Quantification and statistical analysis

All statistical analysis was performed using Prism software (GraphPad Software, San Diego, CA). Differences between pairs of groups were analyzed by a 2-tailed Student’|'s t-test for 2-group comparisons for normally distributed continuous data. A comparison among multiple groups was performed by one-way or two-way ANOVA followed by a post hoc test (Tukey’s multiple comparisons) for normally distributed continuous data.

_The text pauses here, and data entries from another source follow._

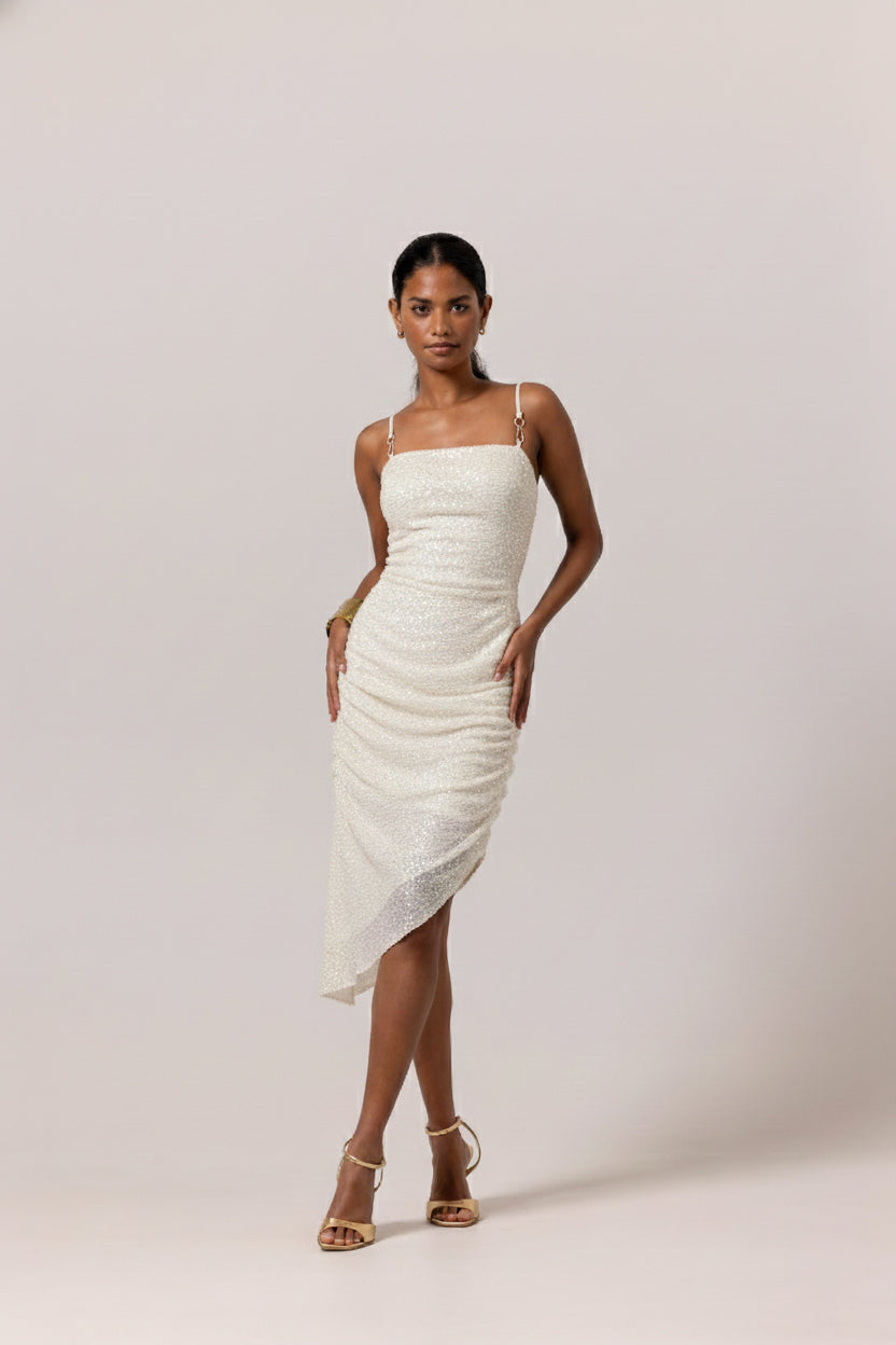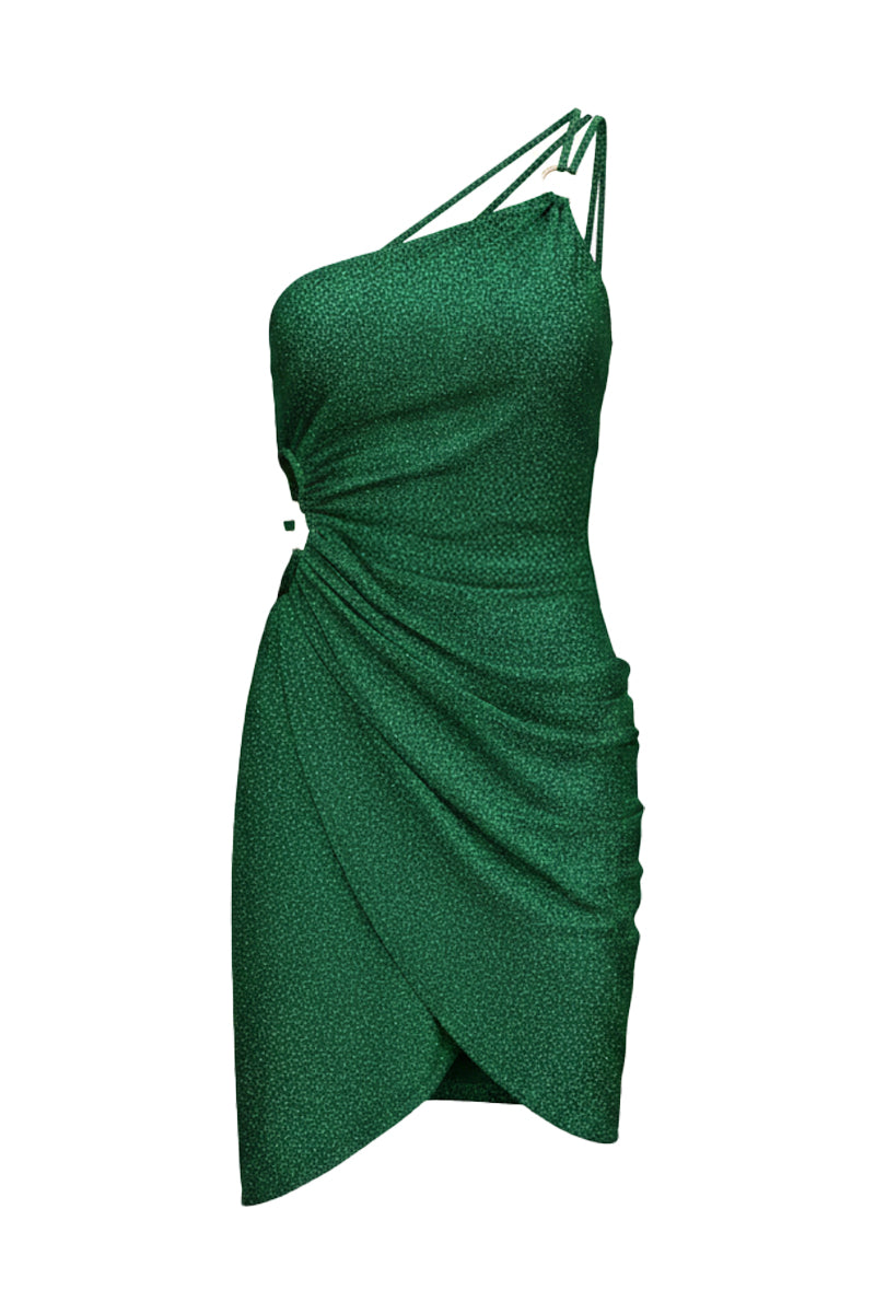 TRACY ASYMMETRIC DRESS - Green Lurex
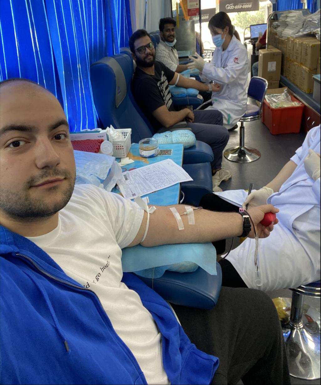 “看,这些是我每年的献血凭证”来自印度的男孩Farhan自豪地向大家展示着自己从2015年到2020年6年以来的献血凭证。献血中,一对来自也门的双胞胎姐妹Maryam和Khadega因为身体原因未能成功献血,两姐妹纷纷表示会吃胖点,明年还会再来。
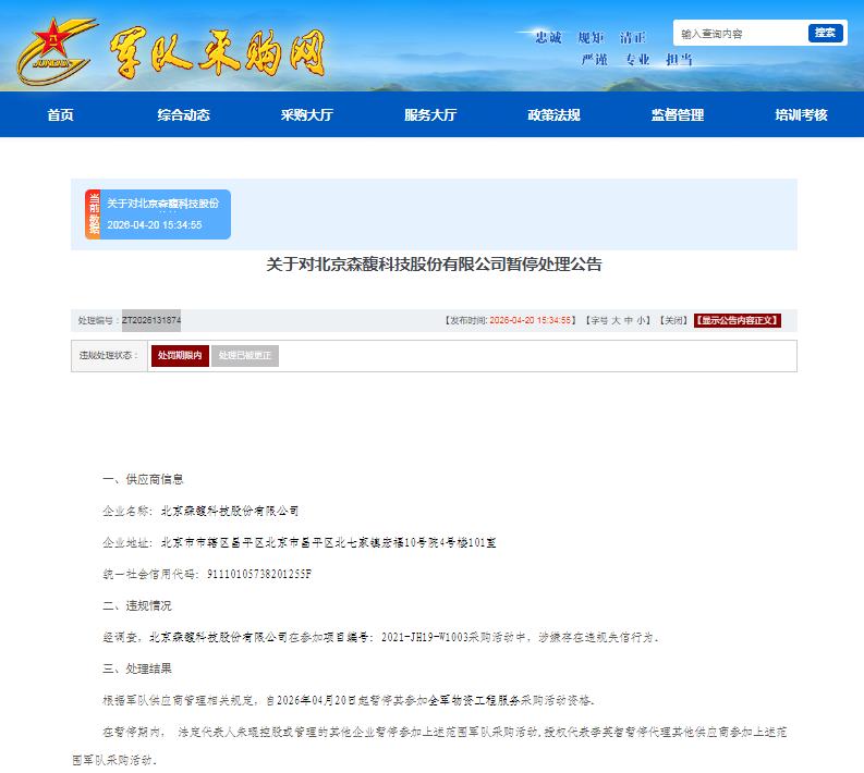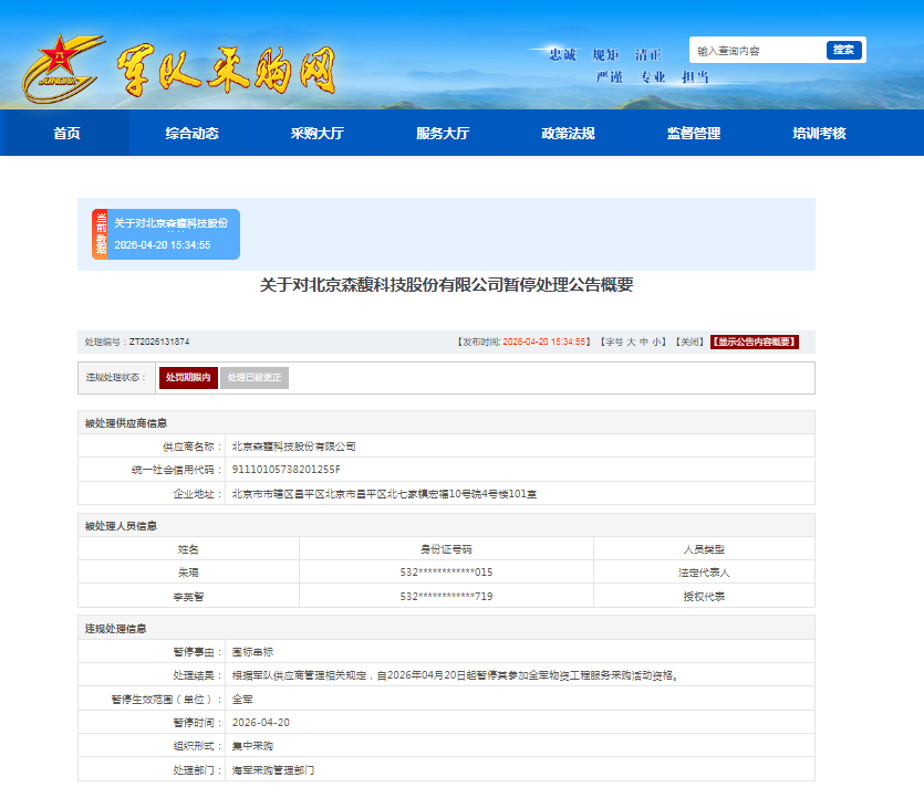 据悉,处理部门根据军队供应商管理相关规定,自2026年4月20日起暂停其参加全军物资工程服务采购活动资格。在暂停期内,其法定代表人朱琨控股或管理的其他企业暂停参加上述范围军队采购活动,授权代表李英智暂停代理其他供应商参加上述范围军队采购活动。处理编号:ZT2026131874。违规处理状态:处罚期限内。
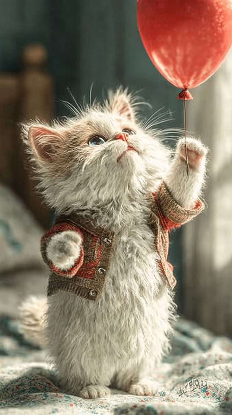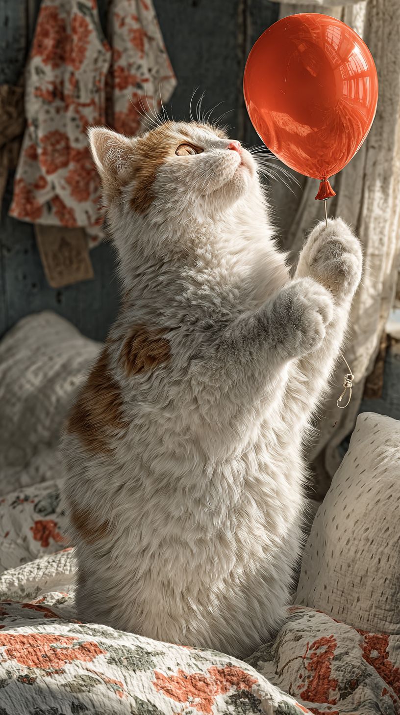 photorealistic fluffy white chubby cat on hind legs tapping a red helium balloon, balloon floating just above its head, diffused afternoon light, cozy bedroom --ar 9:16 --s 750

Values of n refer to the number of experiments used to obtain each value. p < 0.05 was considered to be significant.

Published: February 18, 2022

Data and code availability

• •All data are included in the published paper and supplemental information files or available from the lead contact up request.
• •This paper does not report original code.
• •Any additional information required to reanalyze the data reported in this paper is available from the lead contact upon request.